So let us talk briefly about flight management.






Your normal AP approach control technique will work in a wind gradient as well as it does in benign conditions. But the situation has to be anticipated and the key factor in very light aircraft becomes knowledge of the sky that you choose to enter and then wish to exit.



Now, there is nothing really complicated or difficult about this but the key is anticipation and putting yourself at an energy level that will deal with the situation more or less normally BEFORE you get into the situation.



This is as simple as applying the standard approach speed energy calculation of 1.5 times stalling speed plus one third of the winds speed that you may observe from the wind sock. This must be the MINIMUM air speed that you enter the top of the wind gradient.

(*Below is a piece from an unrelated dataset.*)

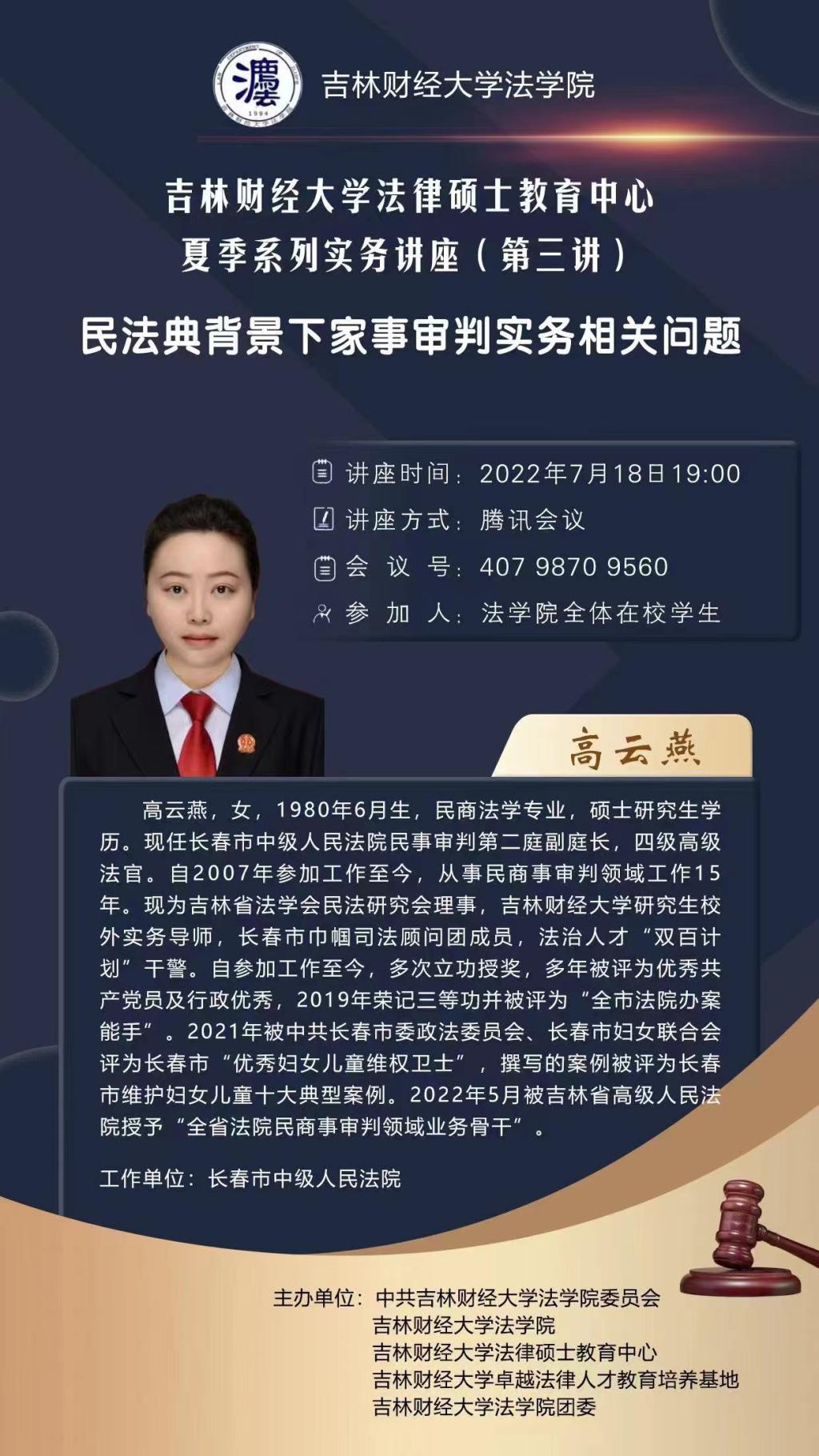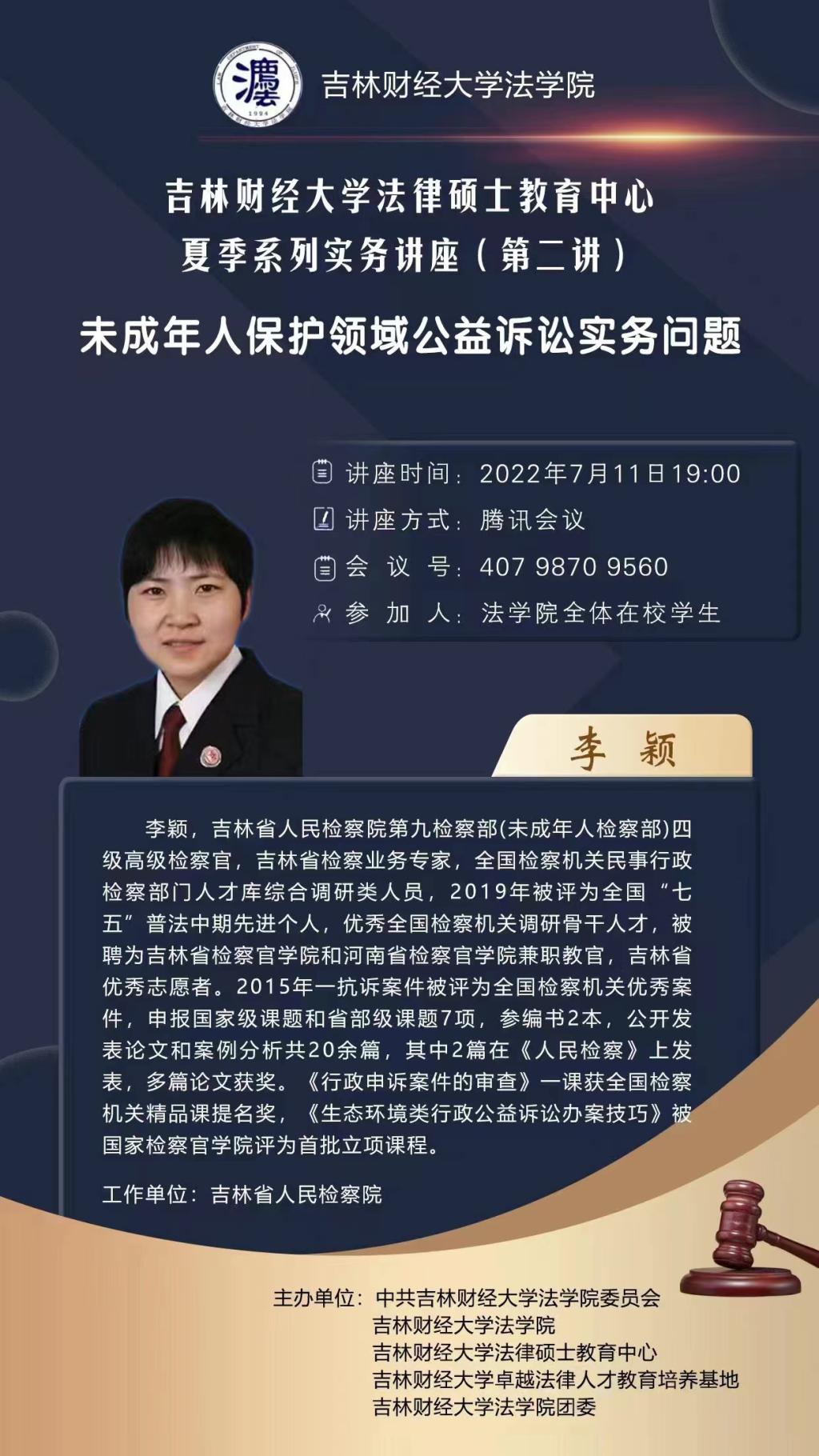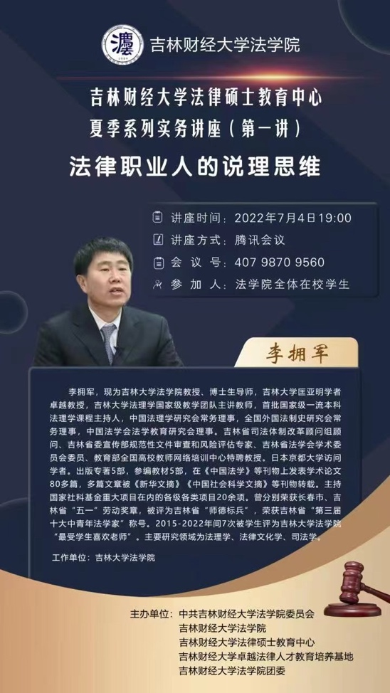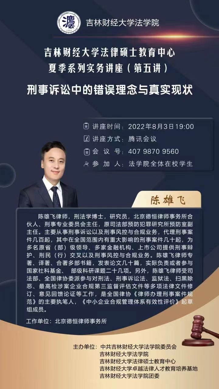 本次系列讲座共设5场,主讲人依次为吉林大学法学院教授、博士生导师李拥军,吉林省人民检察院第九检察部四级高级检察官李颖,长春市中级人民法院民事审判庭第二庭副庭长高云燕,长春市双阳区人民法院副院长王忠旭,北京德恒律师事务所合伙人陈雄飞。自7月4日起每周一次晚7点在线为学生作专题讲座。系列讲座视角多元,涵盖学者、法官、检察官、律师各个角度,涉及民事、刑事等多个法律问题。以视角多元、内容丰富为特征的系列讲座信息一经发布,在学生中引起了广泛关注。

From a positioning point of view you put yourself closer in and maybe higher than normal for your usual approach. It does not matter if you are too high or too close and have overestimated the wind gradient effects because you may then open up and go around and be a bit wiser about actual conditions. It will matter if you are engine out, forced landing and have made no provision for the gradient!



The basic approach speed calculation will keep you safe but it is not going to be the normal ride. You have to be involved in active piloting and maintain your total energy level to ensure that the situation stays safe and that you may control the machine normally.



We can now apply normal AP procedures. As the wind gradient begins to steal your aerodynamic energy then you steadily lower the nose to maintain airspeed. This pushes the AP up your windscreen and you use increasing engine energy to enable you to raise the nose a bit to keep the AP central but the airspeed constant. This will probably be a continuing process therefore it is critical that you started with sufficient aerodynamic energy such that you have sufficient engine energy left in reserve to preserve the approach slope to the AP.






The wind gradient is not some form of monster – just another part of flight and piloting. I have attempted to keep the above clear and easily understood. But if some of my terminology is unfamiliar to you then let me say that it is basic stuff that you MUST know about to be a pilot – so go get some more education.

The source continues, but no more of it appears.